He noted that within the international community, there are still "areas of discord."  

Why has an agreement been so hard to reach? 

The draft treaty would establish patches of ocean known as Marine Protected Areas, where there would have to be environmental impact studies before any deep-sea mining or exploration could take place.  

Many nations have concerns over how such laws would impact their ability to fish and mine – especially given the rising cost of energy and the rush for minerals used in the production of batteries and other technology in high demand.

The Biden administration has been supportive.

Assistant Secretary of State Monica Medina, the administration's lead on ocean matters, called the "conclusion of a strong and effective" agreement on a treaty a priority, saying it "represents a once in a lifetime opportunity to reset our relationship with the high seas."

Russia, as another example, is ostensibly in favor of the treaty, but wants an exclusion added for fisheries.

Hope and pressure

Despite all the individual countries' specific concerns, organizers have been positive about the chances that an agreement can be reached in this round of negotiations, which ends on August 26.

"After the great successes gained for the ocean's health this year through UNEA5 in Nairobi (on plastic pollution), the WTO Ministerial in Geneva (on ending subsidies for harmful fisheries), and UNOC in Lisbon (which launched a number of innovative solutions), I'm confident that Member States will ride 2022's positive wave towards a healthy ocean by concluding a high seas treaty in New York this month," the U.N. Secretary-General's Special Envoy for the Ocean's, Peter Thomson, told CBS News.  

"Over the next two weeks, let us try to deliver on an agreement — fair, balanced, implementable — and attract universal participation," said Rena Lee, a diplomat from Singapore who's chairing the conference, in her opening remarks.

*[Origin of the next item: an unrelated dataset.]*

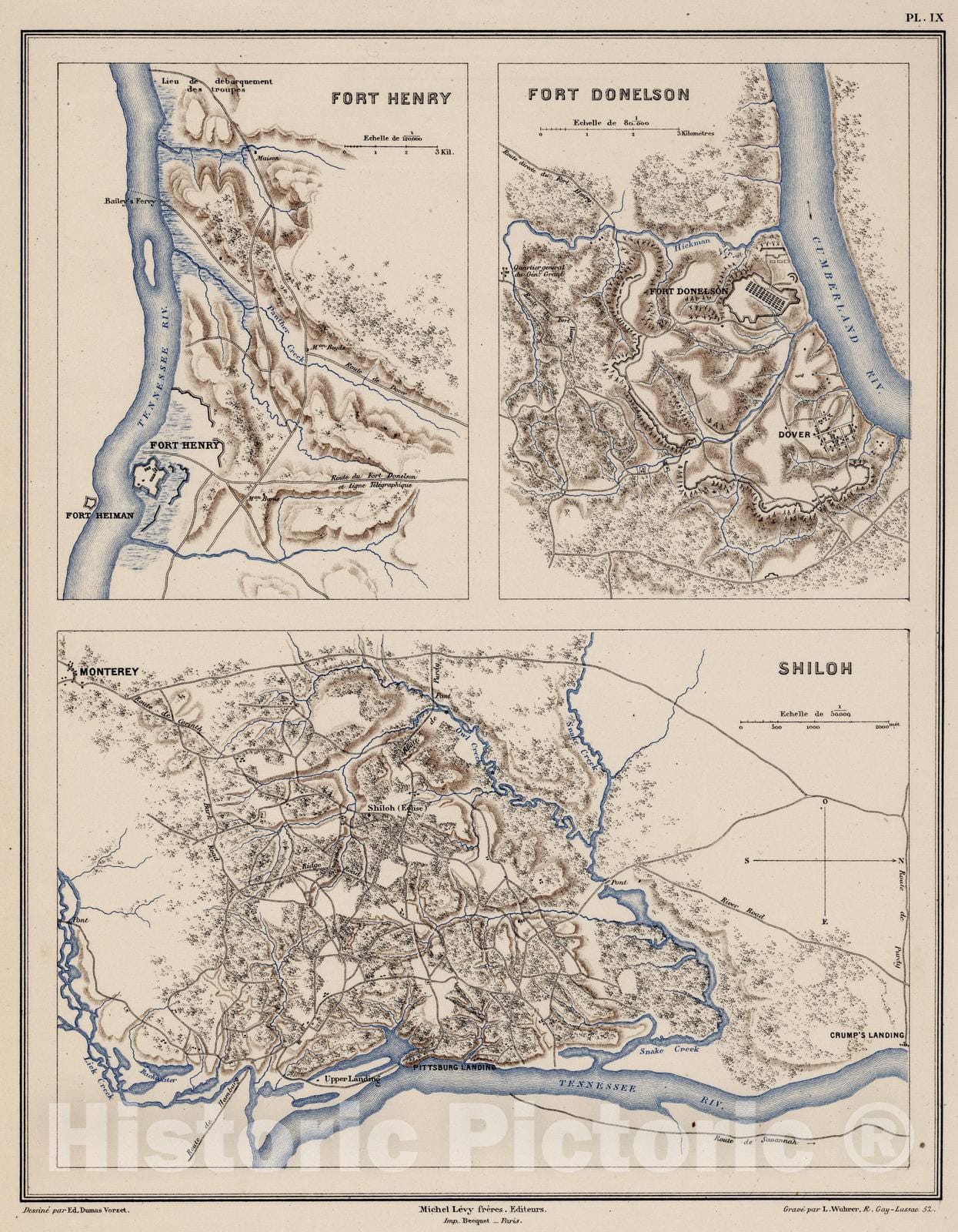 Historic Map : Military Atlas - 1874 Planche IX. Fort Henry. Fort Donelson. Shiloh. - Vintage Wall Art
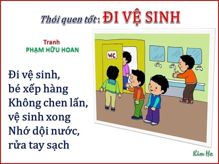 Bức tranh “Đi vệ sinh” miêu tả một không gian phòng vệ sinh sạch sẽ và gọn gàng, nơi các em học sinh đang thực hiện việc vệ sinh cá nhân. Một em bé đứng gần bồn rửa tay, cẩn thận rửa tay bằng xà phòng, trong khi một bạn khác đang bước ra khỏi buồng vệ sinh sau khi đã xong việc. Ánh sáng nhẹ nhàng từ đèn chiếu sáng, không gian thoáng đãng. Bức tranh nhấn mạnh tầm quan trọng của việc giữ gìn vệ sinh cá nhân và thói quen sạch sẽ, giúp trẻ em nhận thức được hành vi đúng đắn trong cuộc sống hàng ngày.

She called on nations to show "the utmost flexibility to find the consensus we need."

Organizations that have pushed for a high seas treaty for years say it's vital that countries do reach an agreement in this round of talks, for the sake of us all.

Liz Karan, project director at the Pew Charitable Trusts' Ocean life on the High Seas Campaign, said bluntly that humanity was facing "an existential threat," warning that "the ocean doesn't need people, people need the ocean."